To prevent being surprised by the death of a hard-drive, it's highly advisable
to monitor the S.M.A.R.T status of disks and to run tests on your disks on a regular basis (e.g. run smartd).. this way you
can see problems before they become fatal..
MOST IMPORTANT: Make backups of your valuable data! Don't trust just one hard drive!
Rescue Tools:
Here's a list of the tools, I found -- In no particular order(!) -- I hope it will help somebody out there..
- SmartMonTools : The smartmontools package contains two utility programs (smartctl and smartd) to control and monitor storage systems using the Self-Monitoring, Analysis and Reporting Technology System (SMART) built into most modern ATA and SCSI hard disks. In many cases, these utilities will provide advanced warning of disk degradation and failure.
- SMART LINUX : a bootable Linux image which contains forensic tools.. not to be confused with S.M.A.R.T. or SmartMonTools..
- dd_rescue and dd_rhelp : dd_rhelp is a shell-wrapper around dd_rescue, to automate the process of creating a disk-image of your defect drive..
- ddrescue a GNU tool, not to be confused with dd_rescue, which fits the same purpose..
- The Sleuth Kit and The Autopsy Browser : a collection of tools for data analysis and disaster recovery including the GUI Autopsy Browser
- The Coroner's Toolkit (TCT) : contains a whole lot of useful tools, such as unrm, grave-robber, lazarus -- google "Coroner's Toolkit" for articles!
- Foremost : A data recovery tool based on data carving, a process in which the disk (or image) is searched for the begining and end of specific file formats (instead of analyzing the structure or meta data of the filesystem).
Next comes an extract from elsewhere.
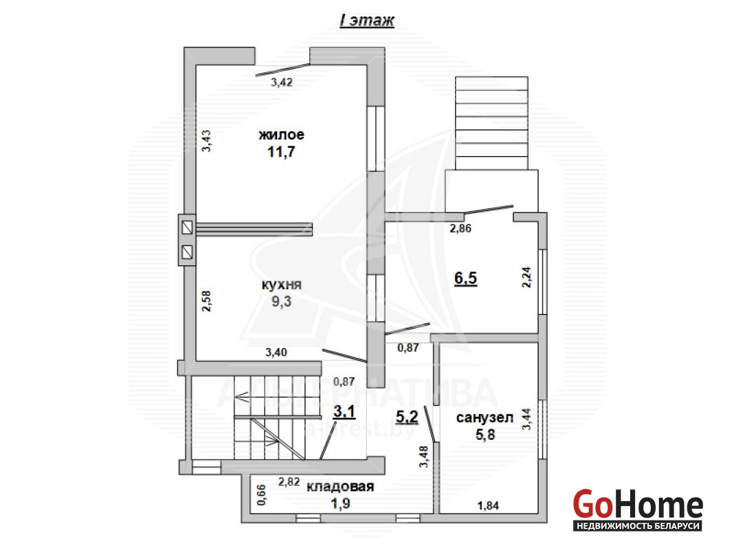 Таунхаус в г.Бресте. 1968 г.п. Реконструкция 2012 г. 1 этаж, мансарда, цокольный этаж. Общ.СНБ - 122,0 кв.м, общ.- 115,5 кв.м, жил.- 45,0 кв.м, кух.- 9,3 кв.м. 4 комнаты, высота потолка - 2,80 м.

More info in this Sys Admin Magazine article.
- e2salvage : a utility which tries to do in-place data recovery a from damaged ext2 filesystems. Unlike e2fsck, it does not look for the data at particular places and it don't tend to believe the data it finds; thus it can handle much more damaged filesystem.
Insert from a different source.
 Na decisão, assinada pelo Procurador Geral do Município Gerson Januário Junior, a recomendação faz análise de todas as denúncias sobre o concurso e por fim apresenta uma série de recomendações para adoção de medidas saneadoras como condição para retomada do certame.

- e2retrieve : a data recovery tool for Ext2 filesystem. This means that e2retrieve will not try to repair the filesystem but will extract data to "copy" it to another place (another disk, NFS, Samba, ...).
- e2extract : a colection of scripts that function similar to e2retrieve.
- Linux Disk Editor : lde is a disk editor for linux, originally written to help recover deleted files. It has a simple ncurses interface that resembles an old version of Norton Disk Edit for DOS.
- testdisk : Tool to check and undelete partitions
A big thank you to Kurt Garloff and Antonio Diaz Diaz!